Silvio Parodi

Personal information
- Full name: Silvio Parodi Ramos
- Date of birth: 3 November 1931
- Place of birth: Luque, Paraguay
- Date of death: 9 October 1989 (aged 57)
- Position: Forward

Senior career*
- Years: Team / Apps / (Gls)
- 1950–1953: Sportivo Luqueño
- 1954–1955: Vasco de Gama
- 1956–1957: Fiorentina / 8 / (2)
- 1957–1961: Vasco de Gama
- 1961–1962: Racing de Santander / 13 / (3)
- 1963–1964: Millonarios

International career
- 1953–1961: Paraguay / 17 / (7)

Managerial career
- 1987: Sol de América
- 1987: Paraguay

Medal record
Representing Paraguay
Copa América
| Winner | 1953 Peru |  |

= Silvio Parodi (footballer) =

Paraguayan footballer (1931–1989)

Silvio Parodi (3 November 1931 – 9 October 1989) was a Paraguayan football player and manager.

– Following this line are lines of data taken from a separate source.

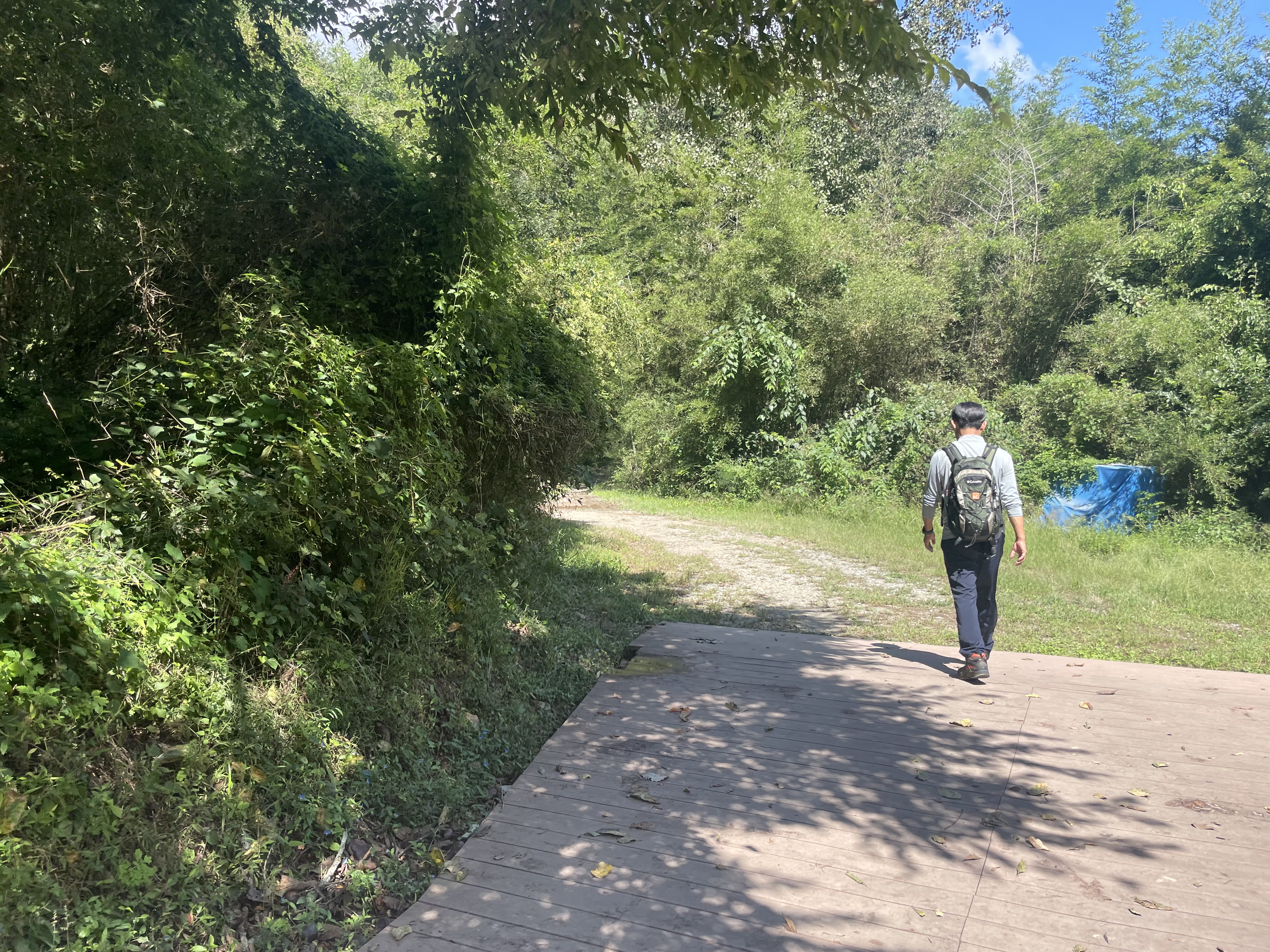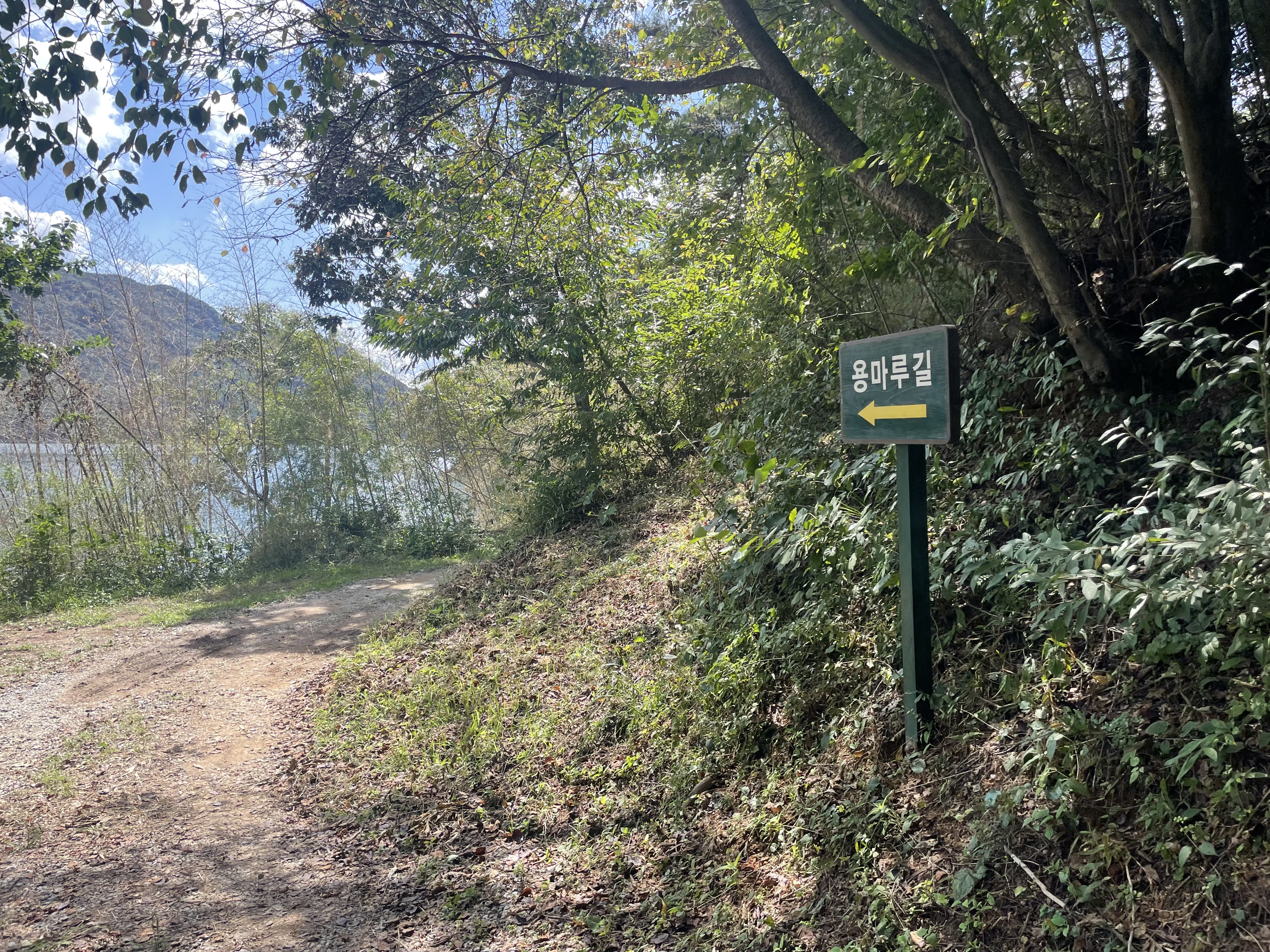 흙길 옆으로는 다양한 나무들이 그늘을 만들어주고 있다.
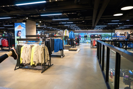 HONG KONG, CHINA - JANUARY 23, 2019: interior shot of Adidas store at New Town Plaza shopping mall in Sha Tin.
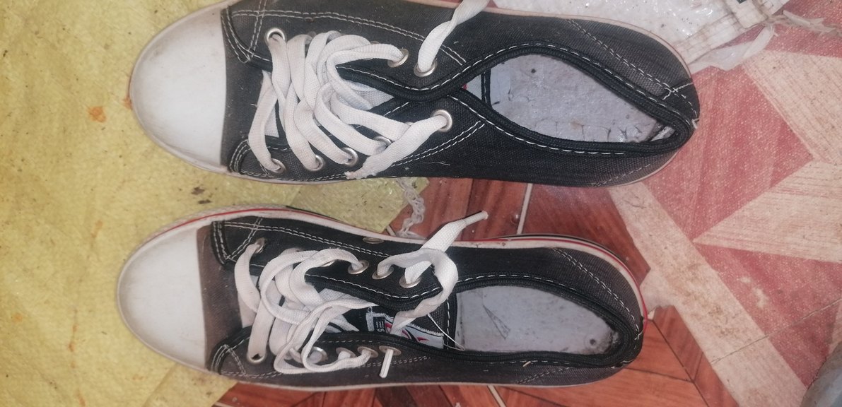 Ürün az kulanıldı tozlanmış sadece herhangi bir defosu yok Siyah renkte, düz kauçuk tabanlı, Velcro detaylı kadın sneakers, günlük sokak giyimine uygun tarzda.
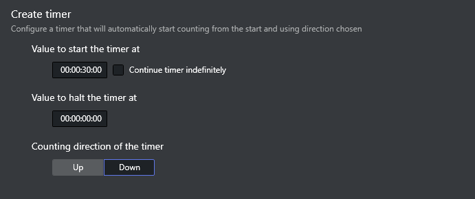The Clock Editor is used to create a timer. It is possible to set the start and halt time for the timer, or let the timer count indefinitely. The timer can be set to count up or count down.
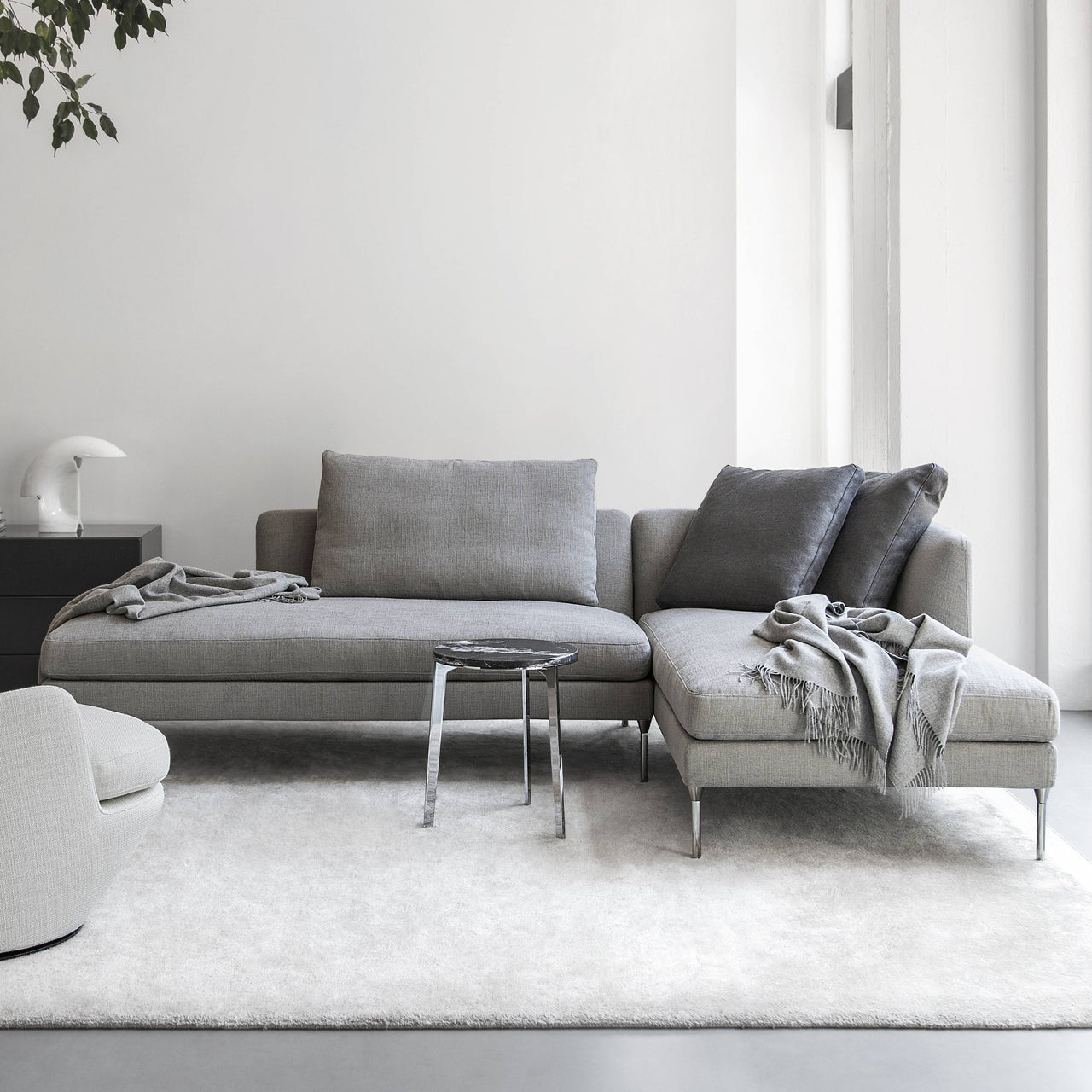 In varied sizes and orientations left or right-arm Bensen offers several versions of its Delta Sectional. Each one brings a fresh point of view and a modern attitude to upholstered seating, with smooth lines and plushy down-filled cushions. Sink-in comfort is created through the sofa's multi-layer seat cushioning on a webbed frame. Large back cushions can be arranged as desired and combined with smaller matching throw pillows. And the built-in steel frame with recessed legs allows the individual units to hug each other securely.
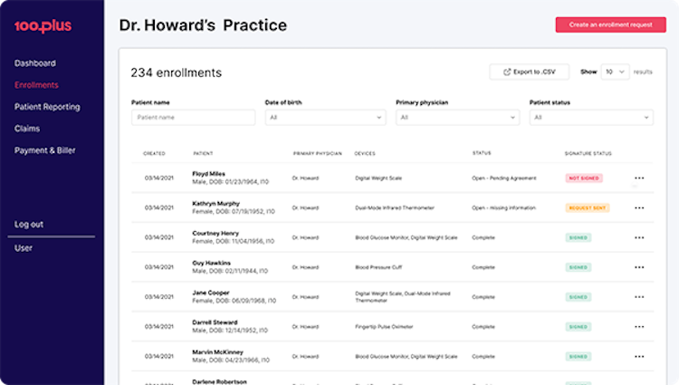 100Plus is a remote patient monitoring platform that helps healthcare providers enroll, onboard, and monitor patient health across multiple areas, including blood pressure, blood glucose, temperature, weight, heart activity, and more. The alert functionality automatically sends notifications to doctors regarding at-risk patients with attached patient reports and alert priority, such as high, medium or low.

He was part of Paraguay's squad that won the 1953 South American Championship. He later coached Paraguay during the 1987 Copa América.

==International career==
Parodi was selected to Paraguay's squad for the 1953 South American Championship. He only played one game in the tournament, the final against Brazil on 1 April. Paraguay defeated Brazil and won the competition, its first Copa America title. It was Parodi's first cap with Paraguay.

He was again in Paraguay's squad for the 1st 1959 South American Championship in Argentina, played four games and scored two goals

Eight months later, he was in Paraguay's squad for the 2nd 1959 South American Championship in Ecuador, playing four games and scoring three goals.

The friendly against Brazil on 29 June 1961 was his 17th and last cap with Paraguay, and he scored his seventh and last goal with the national team.